> **DESCRIPTION OF THE TASK**
Could you reproduce every entry as it stands, leaving the pictures behind?

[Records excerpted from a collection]
----

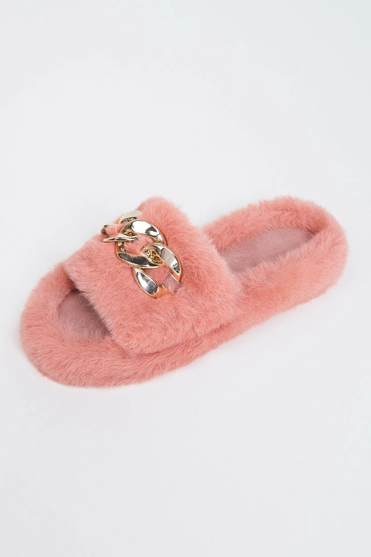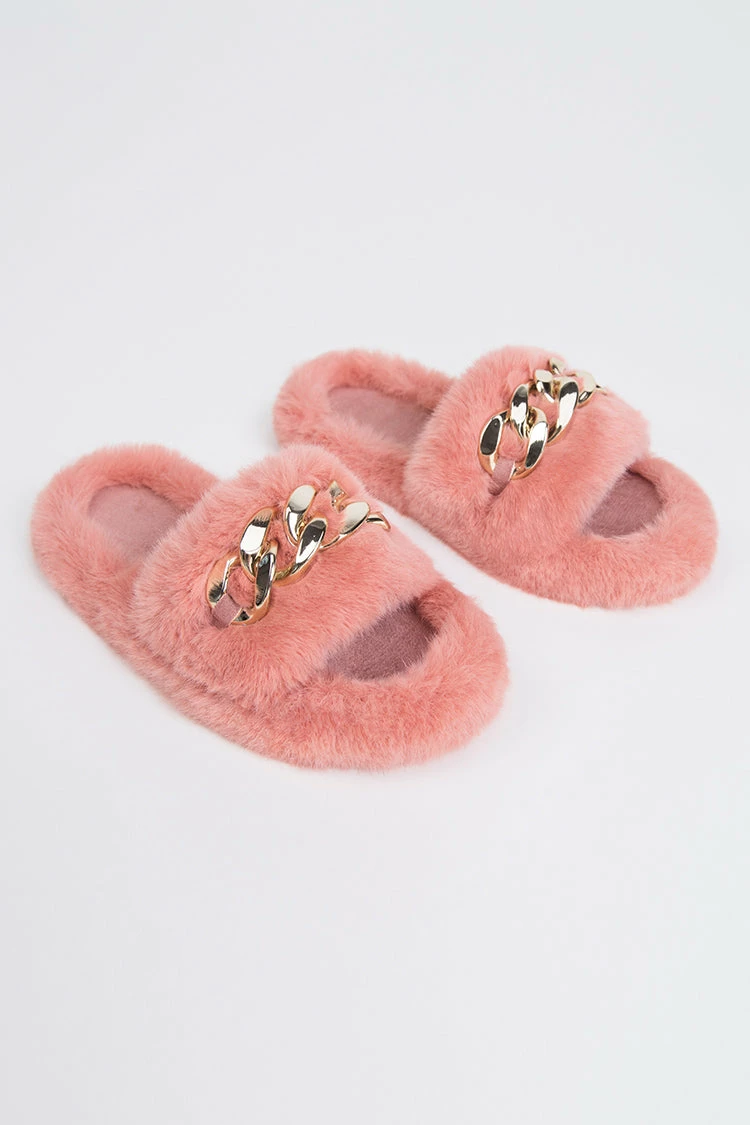 Our Brownstone Orange Fluffy Chain Decor Slippers are so comfy that it is always the ultimate pleasure to wear them. Suitable for indoor and outdoor. Metal ornaments are very interesting and beautiful!
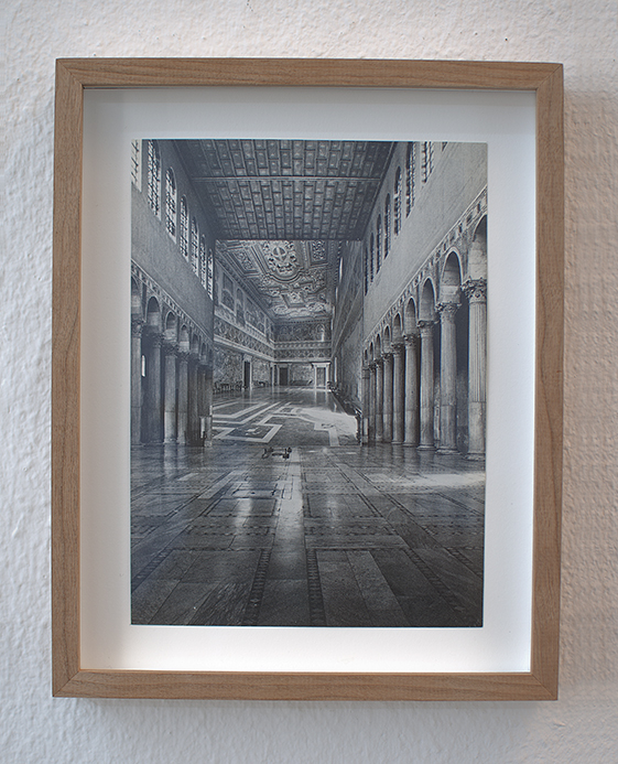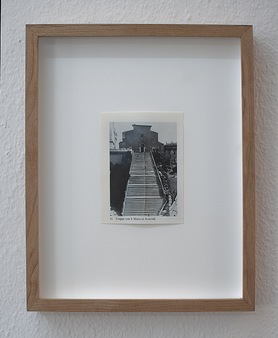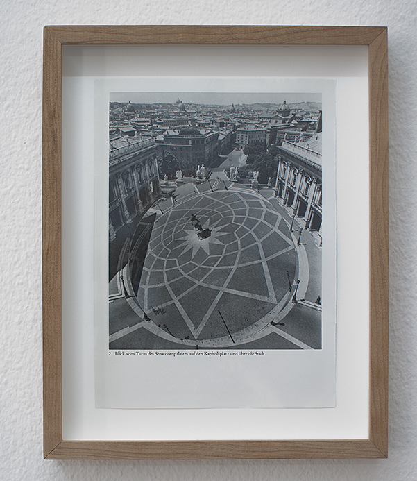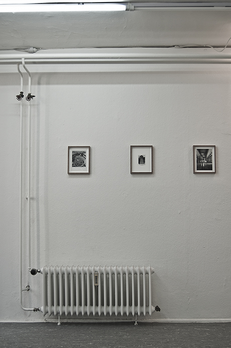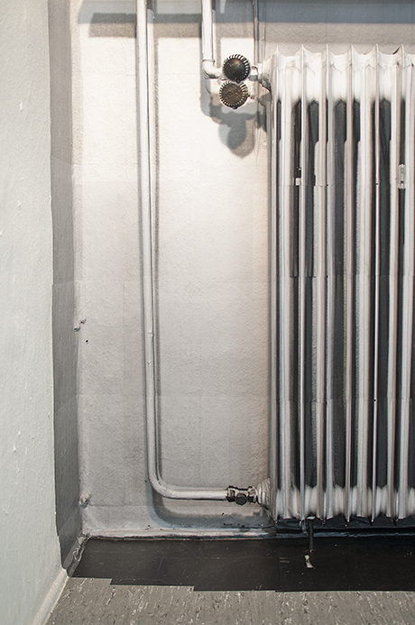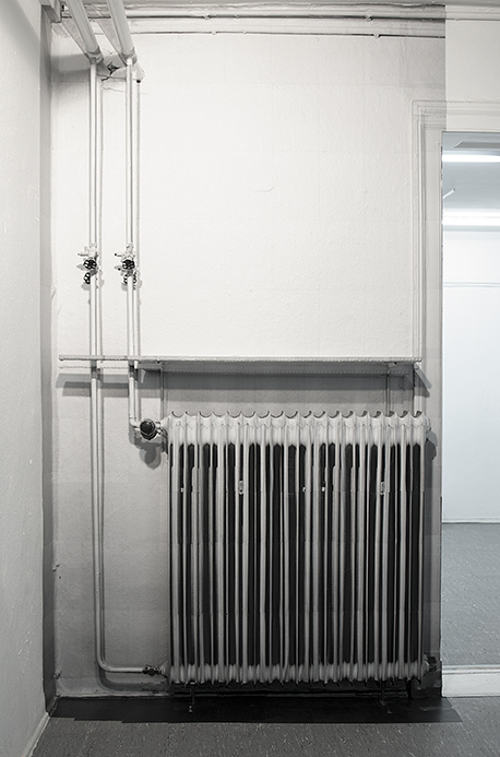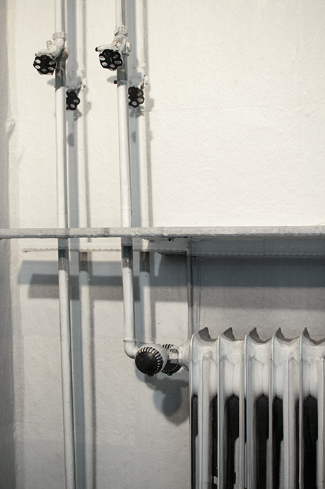 Sinta Werner’s work “Maßnahme des Vermessens (Measure of Measuring)” interferes with the space by playing with its imperfection. For her wall installation, the artist has chosen a corner which is, at first glance, not the most appropriate for hanging, being occupied with pipes and a radiator.
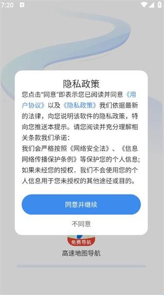 1、下载安装高速地图导航app,查阅隐私政策后点击同意并继续下一步。
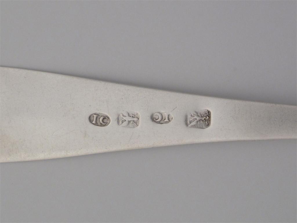 JAMES CORNFUTE: A pointed end tablespoon, c.1780, 0.75oz. Erasured and polished bright, bowl a little thin, a light spoon with good marks. (61/2/10)
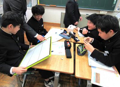 理科で「力の大きさ」の学習に取り組んでいる様子です。実験でバネの伸びを観察しています。
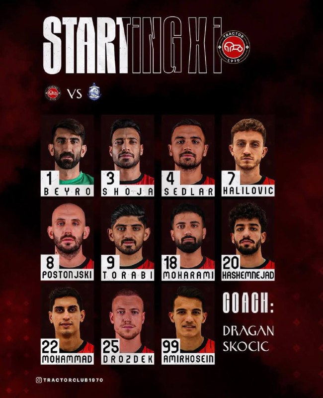 🏆#لیگ_برتر | ترکیب تراکتور مقابل ملوان / ساعت ۱۵:۰۰
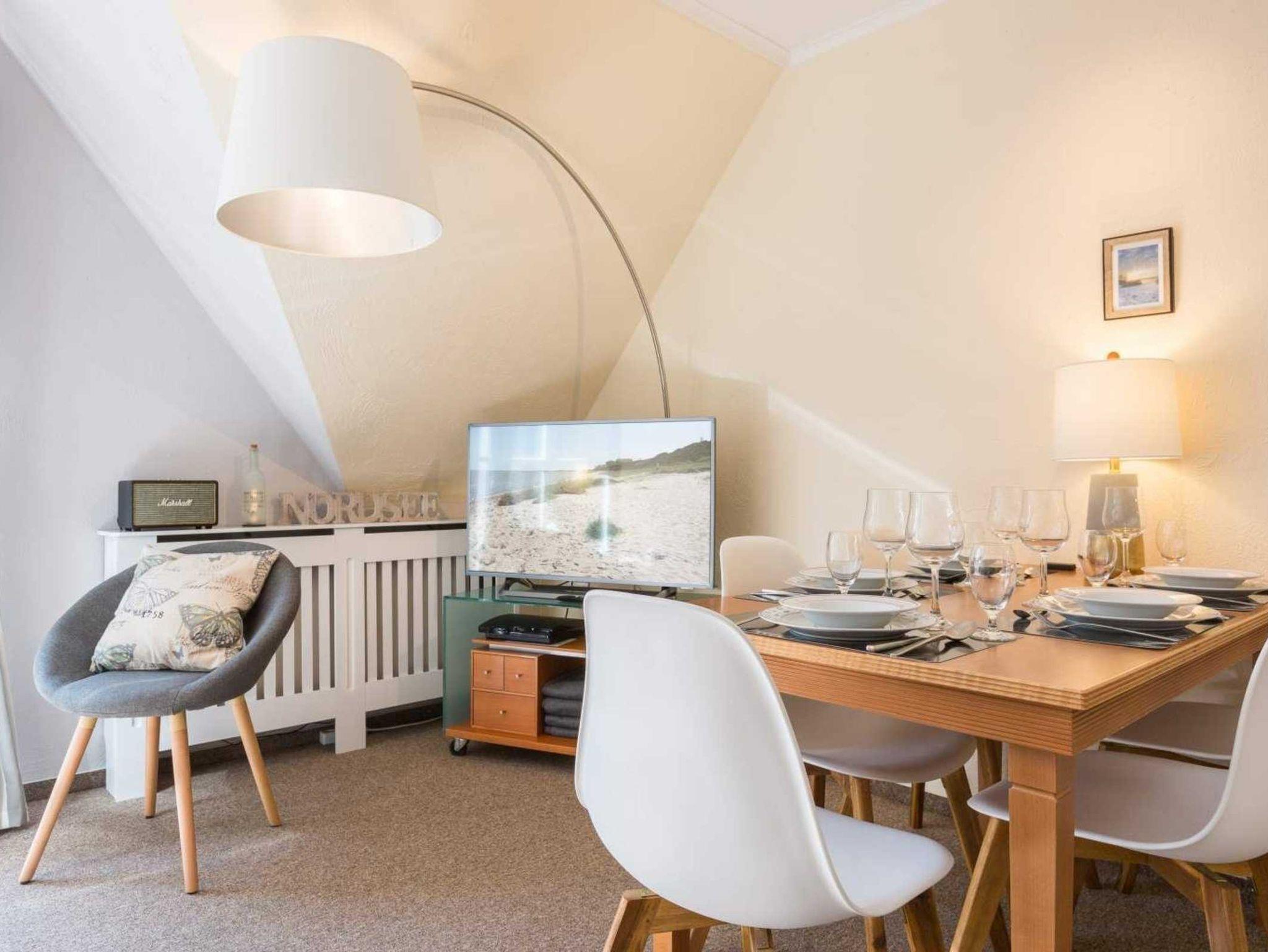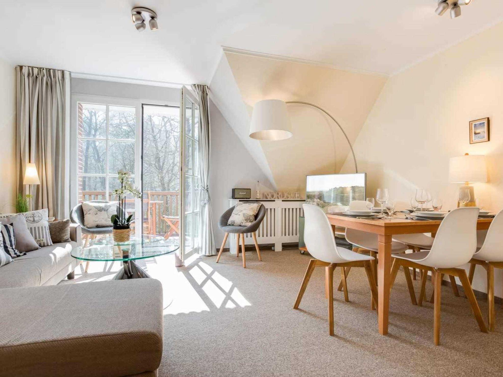 Wohnzimmer mit großem Ecksofa für 2-4 Personen, 2 Sesseln, großem TV (Kabel), Sony Playstation 3, Stereo-Kompaktanlage (mit Bluetooth) und Esstisch mit 5 Stühlen. Vom Wohnzimmer führt eine Treppe zum 2. Schlafzimmer. Direkter Zugang zum möblierten Balkon nach Südwesten mit Ausblick auf das Kurwäldchen. Offene Küche mit Herd mit 2 Kochstellen, Mikrowelle mit Grillfunktion, Geschirrspüler, Kühlschrank mit Gefrierfach und De Longhi Nespresso Kapsel-Kaffeemaschine.
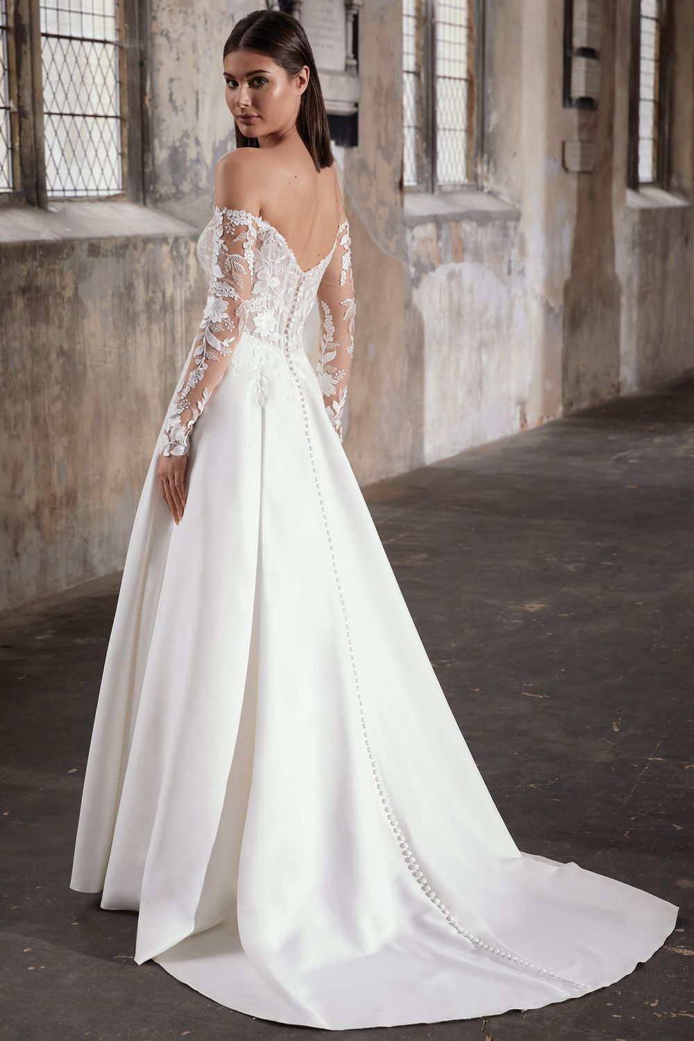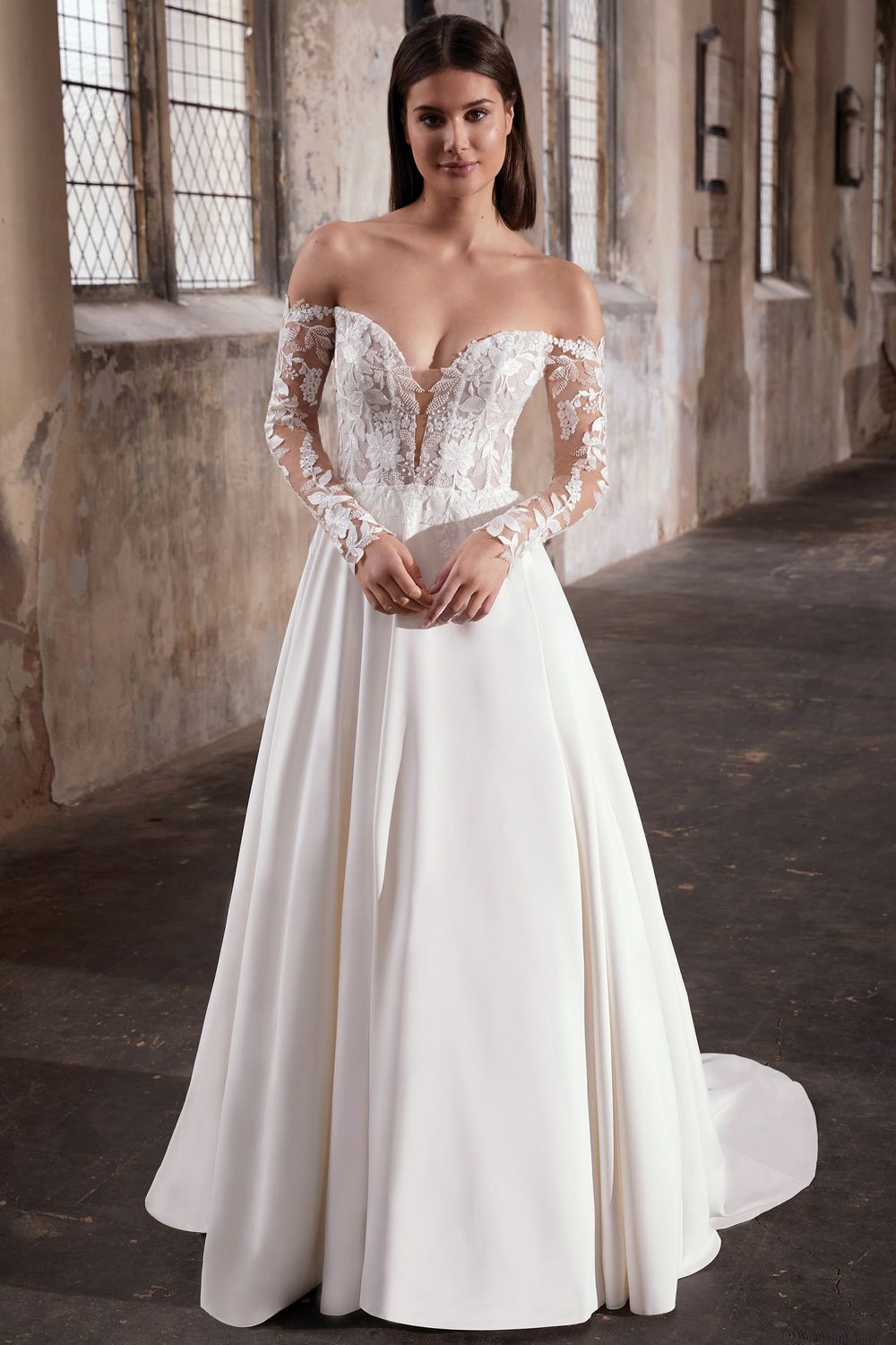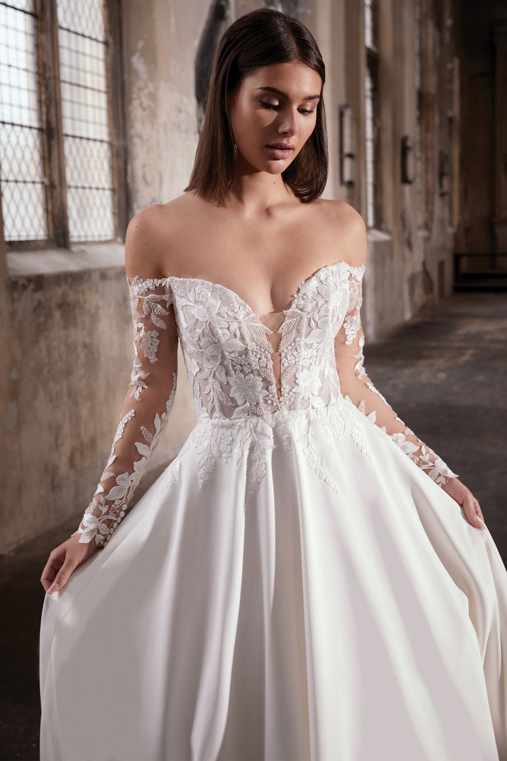 Deze bijzondere trouwjurk is de Bella van het merk Adore. Dit A-lijn model met een rok van satijn is zeer geschikt voor alle bruiden. Het doorzichtige lijfje met diepe V-hals en lage rug is bedekt met prachtige bloemen met kralen. De off-shoulder mouwen met dezelfde kant als op het lijfje maken deze trouwjurk helemaal af.

----

> **FINISHED TASK**
 Our Brownstone Orange Fluffy Chain Decor Slippers are so comfy that it is always the ultimate pleasure to wear them. Suitable for indoor and outdoor. Metal ornaments are very interesting and beautiful!
 Sinta Werner’s work “Maßnahme des Vermessens (Measure of Measuring)” interferes with the space by playing with its imperfection. For her wall installation, the artist has chosen a corner which is, at first glance, not the most appropriate for hanging, being occupied with pipes and a radiator.
 1、下载安装高速地图导航app,查阅隐私政策后点击同意并继续下一步。
 JAMES CORNFUTE: A pointed end tablespoon, c.1780, 0.75oz. Erasured and polished bright, bowl a little thin, a light spoon with good marks. (61/2/10)
 理科で「力の大きさ」の学習に取り組んでいる様子です。実験でバネの伸びを観察しています。
 🏆#لیگ_برتر | ترکیب تراکتور مقابل ملوان / ساعت ۱۵:۰۰
 Wohnzimmer mit großem Ecksofa für 2-4 Personen, 2 Sesseln, großem TV (Kabel), Sony Playstation 3, Stereo-Kompaktanlage (mit Bluetooth) und Esstisch mit 5 Stühlen. Vom Wohnzimmer führt eine Treppe zum 2. Schlafzimmer. Direkter Zugang zum möblierten Balkon nach Südwesten mit Ausblick auf das Kurwäldchen. Offene Küche mit Herd mit 2 Kochstellen, Mikrowelle mit Grillfunktion, Geschirrspüler, Kühlschrank mit Gefrierfach und De Longhi Nespresso Kapsel-Kaffeemaschine.
 Deze bijzondere trouwjurk is de Bella van het merk Adore. Dit A-lijn model met een rok van satijn is zeer geschikt voor alle bruiden. Het doorzichtige lijfje met diepe V-hals en lage rug is bedekt met prachtige bloemen met kralen. De off-shoulder mouwen met dezelfde kant als op het lijfje maken deze trouwjurk helemaal af.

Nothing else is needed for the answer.